Ngomong-ngomong, orang Suku Api itu datang mencarimu hari ini, kan?"
"Ya, benar. Ingin menggunakan harta karun Suku Api untuk memancingku agar membantunya balas dendam."
Feng An sudah lama bersama Yun Ce dan adalah orang dalam kelompok ini yang paling memahaminya. Sambil menggigit akar teratai yang renyah, ia berkata: "Tidak perlu. Metode pertempuran kita saat ini telah berubah. Dibandingkan dengan zirah dan senjata itu, bom lebih cocok untuk kita.
Selain itu, aku memperkirakan paling lambat tahun depan, karavan Han Besar sama sekali tidak akan berjalan semulus sekarang. Setiap negara bagian akan menyerang tetangga, membatasi lingkup mereka sendiri. Maka akan ada pajak yang tiada akhir; tempat-tempat seperti Chang'an dan Luoyang yang sangat mengandalkan karavan akan jatuh ke dalam krisis besar.
Jadi, penanaman pertanian kita tahun ini hanya bisa berhasil, tidak boleh gagal. Jika gagal, rencana kita untuk membangun Kota Yun akan benar-benar gagal."

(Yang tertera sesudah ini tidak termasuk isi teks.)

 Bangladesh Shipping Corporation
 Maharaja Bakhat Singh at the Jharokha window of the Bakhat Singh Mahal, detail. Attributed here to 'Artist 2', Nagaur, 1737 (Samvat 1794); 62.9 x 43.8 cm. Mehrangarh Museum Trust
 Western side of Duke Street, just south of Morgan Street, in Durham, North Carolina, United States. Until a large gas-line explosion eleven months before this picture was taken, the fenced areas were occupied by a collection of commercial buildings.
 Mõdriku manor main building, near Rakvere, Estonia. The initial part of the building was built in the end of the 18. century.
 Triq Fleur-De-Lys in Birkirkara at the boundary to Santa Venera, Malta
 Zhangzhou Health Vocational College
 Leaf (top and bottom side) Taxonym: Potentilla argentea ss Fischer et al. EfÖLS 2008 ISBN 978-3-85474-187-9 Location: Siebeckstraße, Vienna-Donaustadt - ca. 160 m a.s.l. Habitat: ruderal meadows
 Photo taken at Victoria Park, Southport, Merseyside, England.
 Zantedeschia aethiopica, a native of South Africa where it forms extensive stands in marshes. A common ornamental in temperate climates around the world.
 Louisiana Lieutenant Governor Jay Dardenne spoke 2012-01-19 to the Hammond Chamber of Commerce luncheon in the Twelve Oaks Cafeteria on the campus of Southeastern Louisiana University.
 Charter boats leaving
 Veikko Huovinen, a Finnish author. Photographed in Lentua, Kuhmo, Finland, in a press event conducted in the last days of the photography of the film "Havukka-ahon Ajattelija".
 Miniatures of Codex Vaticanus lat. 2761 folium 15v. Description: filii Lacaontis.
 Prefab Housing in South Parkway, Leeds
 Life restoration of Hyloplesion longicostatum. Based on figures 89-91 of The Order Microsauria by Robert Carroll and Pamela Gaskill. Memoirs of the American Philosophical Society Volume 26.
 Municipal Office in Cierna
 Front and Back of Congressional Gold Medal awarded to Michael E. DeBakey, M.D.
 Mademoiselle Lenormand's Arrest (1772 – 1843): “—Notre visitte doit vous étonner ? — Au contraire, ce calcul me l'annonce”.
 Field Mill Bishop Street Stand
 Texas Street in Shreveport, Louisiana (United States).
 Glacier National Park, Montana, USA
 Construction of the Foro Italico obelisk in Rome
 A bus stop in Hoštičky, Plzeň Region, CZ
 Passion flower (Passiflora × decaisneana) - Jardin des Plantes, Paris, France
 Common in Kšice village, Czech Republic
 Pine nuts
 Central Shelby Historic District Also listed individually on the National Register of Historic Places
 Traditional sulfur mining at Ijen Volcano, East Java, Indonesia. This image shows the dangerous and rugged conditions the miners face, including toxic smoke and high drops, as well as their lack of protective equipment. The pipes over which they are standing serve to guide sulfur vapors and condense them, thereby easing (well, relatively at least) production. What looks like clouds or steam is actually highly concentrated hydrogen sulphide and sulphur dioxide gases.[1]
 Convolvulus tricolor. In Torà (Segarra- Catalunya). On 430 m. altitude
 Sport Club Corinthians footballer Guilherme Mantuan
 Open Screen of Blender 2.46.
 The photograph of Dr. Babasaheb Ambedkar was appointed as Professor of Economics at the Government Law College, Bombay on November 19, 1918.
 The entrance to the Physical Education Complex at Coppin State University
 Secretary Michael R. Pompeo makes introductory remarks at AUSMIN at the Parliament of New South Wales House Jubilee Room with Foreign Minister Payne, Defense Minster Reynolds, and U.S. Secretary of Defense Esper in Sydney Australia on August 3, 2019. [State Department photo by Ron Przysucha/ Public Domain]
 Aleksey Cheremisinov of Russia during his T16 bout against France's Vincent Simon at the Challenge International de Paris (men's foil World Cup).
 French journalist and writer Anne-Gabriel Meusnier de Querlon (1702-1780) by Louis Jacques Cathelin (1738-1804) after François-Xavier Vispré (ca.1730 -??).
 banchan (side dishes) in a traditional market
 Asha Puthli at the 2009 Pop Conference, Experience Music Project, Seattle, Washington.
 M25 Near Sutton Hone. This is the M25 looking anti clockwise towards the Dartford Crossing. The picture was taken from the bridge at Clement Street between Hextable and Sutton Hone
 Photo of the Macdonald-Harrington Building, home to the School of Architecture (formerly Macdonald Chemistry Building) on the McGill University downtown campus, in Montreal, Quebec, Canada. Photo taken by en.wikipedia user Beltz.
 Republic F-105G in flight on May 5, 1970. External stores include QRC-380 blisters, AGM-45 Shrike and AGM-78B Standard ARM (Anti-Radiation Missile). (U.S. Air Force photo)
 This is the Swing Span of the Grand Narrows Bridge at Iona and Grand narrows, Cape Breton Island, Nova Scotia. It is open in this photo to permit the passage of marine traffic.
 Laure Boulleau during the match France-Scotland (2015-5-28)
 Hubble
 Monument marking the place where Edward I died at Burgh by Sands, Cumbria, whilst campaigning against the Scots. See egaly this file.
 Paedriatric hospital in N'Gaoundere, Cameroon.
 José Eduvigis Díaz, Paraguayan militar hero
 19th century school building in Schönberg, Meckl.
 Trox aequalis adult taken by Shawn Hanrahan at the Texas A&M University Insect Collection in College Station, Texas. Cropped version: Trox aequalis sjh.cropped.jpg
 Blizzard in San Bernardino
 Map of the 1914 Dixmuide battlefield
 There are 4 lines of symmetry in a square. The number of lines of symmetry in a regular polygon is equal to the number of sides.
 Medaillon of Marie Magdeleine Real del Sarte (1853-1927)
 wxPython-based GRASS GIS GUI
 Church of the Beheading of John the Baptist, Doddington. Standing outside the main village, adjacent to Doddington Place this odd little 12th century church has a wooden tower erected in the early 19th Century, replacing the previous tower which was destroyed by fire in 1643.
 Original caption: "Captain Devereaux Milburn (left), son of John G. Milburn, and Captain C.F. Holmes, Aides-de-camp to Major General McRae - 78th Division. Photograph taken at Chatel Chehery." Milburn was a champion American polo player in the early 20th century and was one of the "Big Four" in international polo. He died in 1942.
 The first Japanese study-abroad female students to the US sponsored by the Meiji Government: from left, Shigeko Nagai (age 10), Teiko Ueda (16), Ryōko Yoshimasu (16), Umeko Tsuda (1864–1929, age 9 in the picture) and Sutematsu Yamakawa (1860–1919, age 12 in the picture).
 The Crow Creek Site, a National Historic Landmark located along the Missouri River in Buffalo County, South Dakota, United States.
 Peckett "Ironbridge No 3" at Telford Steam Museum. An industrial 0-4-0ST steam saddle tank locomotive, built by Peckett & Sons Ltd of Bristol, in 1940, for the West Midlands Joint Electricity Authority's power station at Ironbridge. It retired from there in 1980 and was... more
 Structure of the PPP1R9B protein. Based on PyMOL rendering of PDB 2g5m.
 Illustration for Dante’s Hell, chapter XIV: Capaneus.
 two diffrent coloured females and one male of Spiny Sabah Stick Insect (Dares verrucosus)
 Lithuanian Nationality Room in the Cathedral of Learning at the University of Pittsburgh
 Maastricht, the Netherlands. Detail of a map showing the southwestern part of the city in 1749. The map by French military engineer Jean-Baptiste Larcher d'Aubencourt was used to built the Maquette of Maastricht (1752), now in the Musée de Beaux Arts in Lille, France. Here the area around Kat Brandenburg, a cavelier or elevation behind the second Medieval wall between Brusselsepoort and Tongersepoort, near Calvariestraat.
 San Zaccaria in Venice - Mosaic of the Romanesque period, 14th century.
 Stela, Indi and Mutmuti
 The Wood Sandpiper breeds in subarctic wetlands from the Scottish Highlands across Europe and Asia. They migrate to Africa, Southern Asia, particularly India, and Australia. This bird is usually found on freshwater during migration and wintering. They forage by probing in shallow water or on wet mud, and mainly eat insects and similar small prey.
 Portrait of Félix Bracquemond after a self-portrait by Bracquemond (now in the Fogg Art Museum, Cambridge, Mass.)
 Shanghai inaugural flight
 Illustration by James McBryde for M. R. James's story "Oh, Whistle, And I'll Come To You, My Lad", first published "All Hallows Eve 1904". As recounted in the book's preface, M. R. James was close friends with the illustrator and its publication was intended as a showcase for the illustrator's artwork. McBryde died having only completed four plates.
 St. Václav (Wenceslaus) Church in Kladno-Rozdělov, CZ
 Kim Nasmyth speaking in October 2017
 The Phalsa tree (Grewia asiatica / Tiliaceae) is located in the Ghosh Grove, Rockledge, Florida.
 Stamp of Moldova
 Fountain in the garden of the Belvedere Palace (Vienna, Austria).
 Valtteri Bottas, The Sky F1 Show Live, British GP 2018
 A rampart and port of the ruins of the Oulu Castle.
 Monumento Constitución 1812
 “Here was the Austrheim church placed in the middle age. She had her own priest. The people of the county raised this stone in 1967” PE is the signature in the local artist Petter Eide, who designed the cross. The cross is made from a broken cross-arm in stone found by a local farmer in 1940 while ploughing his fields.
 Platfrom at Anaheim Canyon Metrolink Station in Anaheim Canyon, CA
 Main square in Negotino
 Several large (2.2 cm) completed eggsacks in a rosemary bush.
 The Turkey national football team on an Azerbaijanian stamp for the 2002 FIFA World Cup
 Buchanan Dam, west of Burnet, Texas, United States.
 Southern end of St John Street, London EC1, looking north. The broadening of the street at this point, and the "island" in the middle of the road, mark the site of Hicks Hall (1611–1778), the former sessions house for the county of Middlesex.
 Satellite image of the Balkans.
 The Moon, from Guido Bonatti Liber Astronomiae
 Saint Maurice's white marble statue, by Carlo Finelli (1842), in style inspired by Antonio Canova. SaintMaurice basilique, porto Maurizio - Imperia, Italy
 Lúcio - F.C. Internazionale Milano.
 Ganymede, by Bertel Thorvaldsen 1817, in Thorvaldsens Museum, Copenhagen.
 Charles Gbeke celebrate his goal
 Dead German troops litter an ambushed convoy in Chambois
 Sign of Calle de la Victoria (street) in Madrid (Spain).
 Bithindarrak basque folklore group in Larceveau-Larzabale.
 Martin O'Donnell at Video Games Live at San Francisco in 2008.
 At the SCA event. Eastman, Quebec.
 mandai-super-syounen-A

Yun Ce mengangguk. Apa yang dilihat Feng An, secara alami telah ia pertimbangkan. Jika ia menginginkan hasil yang berlimpah dari tanah ini, cuaca yang mendukung adalah hal yang esensial.
Jadi, menempatkan Shehuo menjadi hal yang paling mendesak sekarang. Bagaimanapun, pertanian itu rapuh—satu hujan, satu kekeringan, satu wabah serangga, atau bahkan satu hujan es dapat membuat ladang menjadi tandus.
Menempatkan Shehuo hanya bisa didiskusikan dengan Doggy.
Feng An baru saja pergi ketika Doggy membawa Shehuo keluar dari Mutiara Naga. Melihat tentakel Doggy melemparkan Shehuo ke tanah, Yun Ce ketakutan setengah mati.
Saat ia mengulurkan tangan untuk menangkapnya, ia melihat Shehuo melompat di atas batang rumput. Nyala api yang membara tidak membahayakan batang rumput kering itu. Ia melompat dari satu batang rumput ke batang rumput lainnya, bermain dengan gembira.
"Seperti yang kaulihat, Shehuo-mu adalah api bebas. Ia menolak untuk berakar di bumi, lebih suka berlarian ke sana kemari bersamamu."
Suara malas Doggy terdengar di kepala Yun Ce.
"Kenapa ada perubahan seperti itu?"
"Dua kebakaran besar di gunung berapi dan Gunung Raja Hantu sepertinya telah membuatnya merasakan manfaat dari kebebasan."
"Kau tahu aku ingin Shehuo yang melindungi rakyat, bukan alat pembakar."
"Bulan Senja akan segera berakhir. Pada hari Musim Semi Tiba tiba, kau bisa mencoba mengadakan upacara musim semi, mengadakan pawai Shehuo, melihat apakah itu dapat mempererat ikatan antara rakyat dan Shehuo."